Cinco años de traumas e incomprensión
Tal vez sea hora de que empecemos a hablar abiertamente sobre las profundas heridas que muchos de nosotros hemos experimentado en estos últimos años
Born down in a dead man’s town
The first kick I took was when I hit the ground
End up like a dog that’s been beat too much
‘Til you spend half your life just to cover it up, now
~Bruce Springsteen
El 19 de septiembre de 1984, Ronald Reagan culminó un mitin de campaña en Hammonton, Nueva Jersey, con las siguientes palabras: «El futuro de Estados Unidos reside en el mensaje de esperanza de las canciones de un hombre a quien tantos jóvenes estadounidenses admiran, Bruce Springsteen de Nueva Jersey». Era una clara alusión a la entonces muy popular canción de The Boss, «Born in the USA».

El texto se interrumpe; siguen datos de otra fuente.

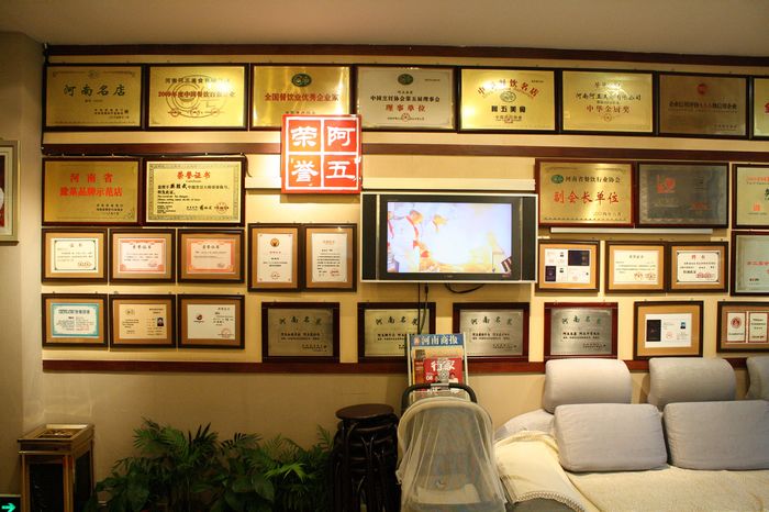 滿滿一面墻的獎狀讓每一個(gè)來這里的人都能深刻的了解到阿五美食的嚴(yán)謹(jǐn)風(fēng)格,
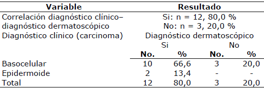 En la Tabla 4 se muestra que en el 80,0 % de los pacientes se logró la correlación diagnóstico clínico-diagnóstico dermatoscópico.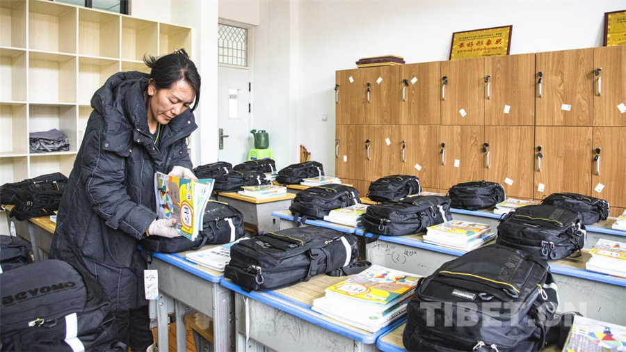 圖為日喀則市定日縣受地震影響的災區(qū)學校即將迎來2025年春季學期正式開學,老師正在為即將到校的學生分發(fā)教材與學習用具。(攝于2025年3月1日) 攝影:趙振宇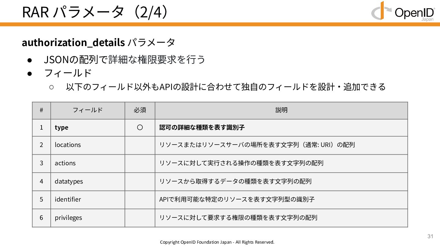 25. Copyright OpenID Foundation Japan - All Rights Reserved. RAR パラメータ(2/4)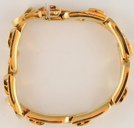 Description: Ever since yellow gold made its come back, I can’t seem to keep this chunky gold jewelry in stock! This retro link bracelet has a simple design and would be a great addition to any collection. 7.5”, 34.2 dwt.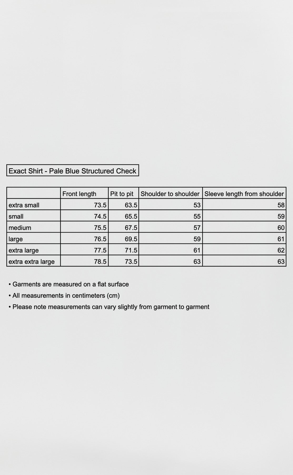 The Exact Shirt has an oversized fit with drop shoulders and a curved hem. Featuring a spread collar and clean front made without chest pocket and placket. Cut from a garment washed seersucker cotton blend with a pale blue and beige plaid on a grey blue ground.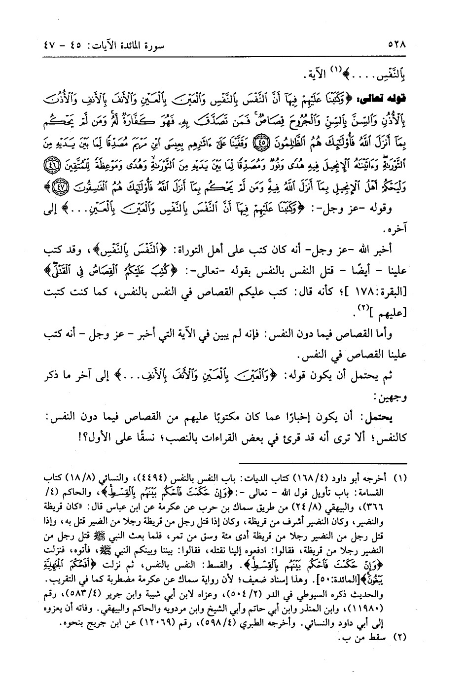 قوله تعالى: (وَكَتَبْنَا عَلَيْهِمْ فِيهَا أَنَّ النَّفْسَ بِالنَّفْسِ وَالْعَيْنَ بِالْعَيْنِ وَالْأَنْفَ بِالْأَنْفِ وَالْأُذُنَ بِالْأُذُنِ وَالسِّنَّ بِالسِّنِّ وَالْجُرُوحَ قِصَاصٌ فَمَنْ تَصَدَّقَ بِهِ فَهُوَ كَفَّارَةٌ لَهُ وَمَنْ لَمْ يَحْكُمْ بِمَا أَنْزَلَ اللَّهُ فَأُولَئِكَ هُمُ الظَّالِمُونَ (45) وَقَفَّيْنَا عَلَى آثَارِهِمْ بِعِيسَى ابْنِ مَرْيَمَ مُصَدِّقًا لِمَا بَيْنَ يَدَيْهِ مِنَ التَّوْرَاةِ وَآتَيْنَاهُ الْإِنْجِيلَ فِيهِ هُدًى وَنُورٌ وَمُصَدِّقًا لِمَا بَيْنَ يَدَيْهِ مِنَ التَّوْرَاةِ وَهُدًى وَمَوْعِظَةً لِلْمُتَّقِينَ (46) وَلْيَحْكُمْ أَهْلُ الْإِنْجِيلِ بِمَا أَنْزَلَ اللَّهُ فِيهِ وَمَنْ لَمْ يَحْكُمْ بِمَا أَنْزَلَ اللَّهُ فَأُولَئِكَ هُمُ الْفَاسِقُونَ (47)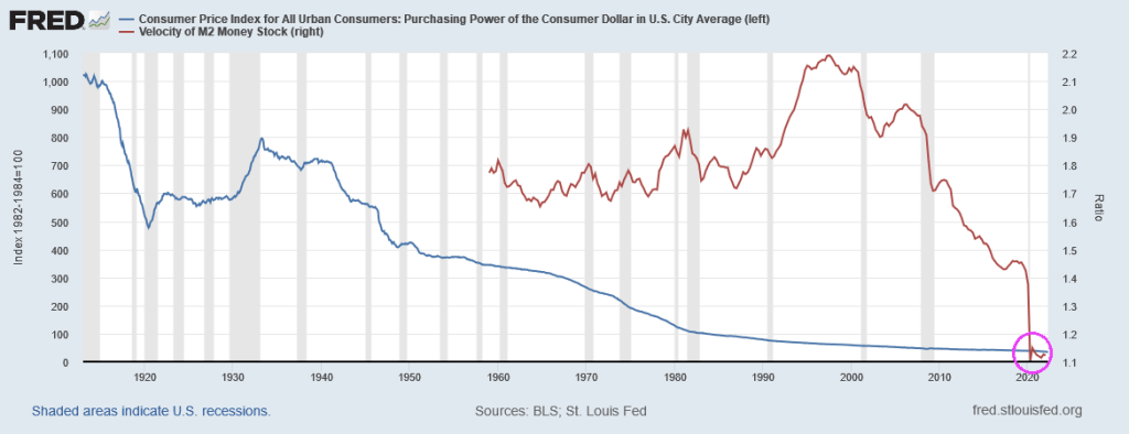 And yes, the purchasing power of the US Dollar and M2 Money Velocity (GDP/M2) appear to be collapsing like a dying star.

Y así comenzó lo que posiblemente sea la interpretación errónea más extendida y persistente de una canción en la historia de la música popular.
«Born in the USA» puede describirse de mil maneras. Pero hay una descripción que definitivamente no le cabe: la de un himno a las infinitas posibilidades de la vida estadounidense. De hecho, es todo lo contrario: un acusación desgarradora sobre la creciente brutalidad de la cultura norteamericana y la desaparición de la posibilidad de movilidad social para los residentes de los pequeños pueblos del país.
Hoy en día se habla mucho en las culturas de los Estados Unidos y de Europa de la idea de trauma. Parte de esta moda, como por ejemplo los gritos de “¡trauma!” que emanan de las bocas de los veinteañeros cuando simplemente escuchan o leen una opinión que no les agrada, es evidentemente frívola.
Pero eso no significa que no exista un sentimiento fuerte y generalizado de trauma en nuestras culturas, ni que estos jóvenes no lo padezcan enormemente.
Indica más bien que estos jóvenes, y muchas otras personas no tan jóvenes, han interiorizado demasiado bien uno de los mensajes más claros, aunque raras veces voceado, que nos transmite nuestra cultura: que hablar de los profundos traumas que los centros supremos de poder económico y social han desatado sobre los ciudadanos es estrictamente tabú, y que hacerlo solo puede conducir a represalias.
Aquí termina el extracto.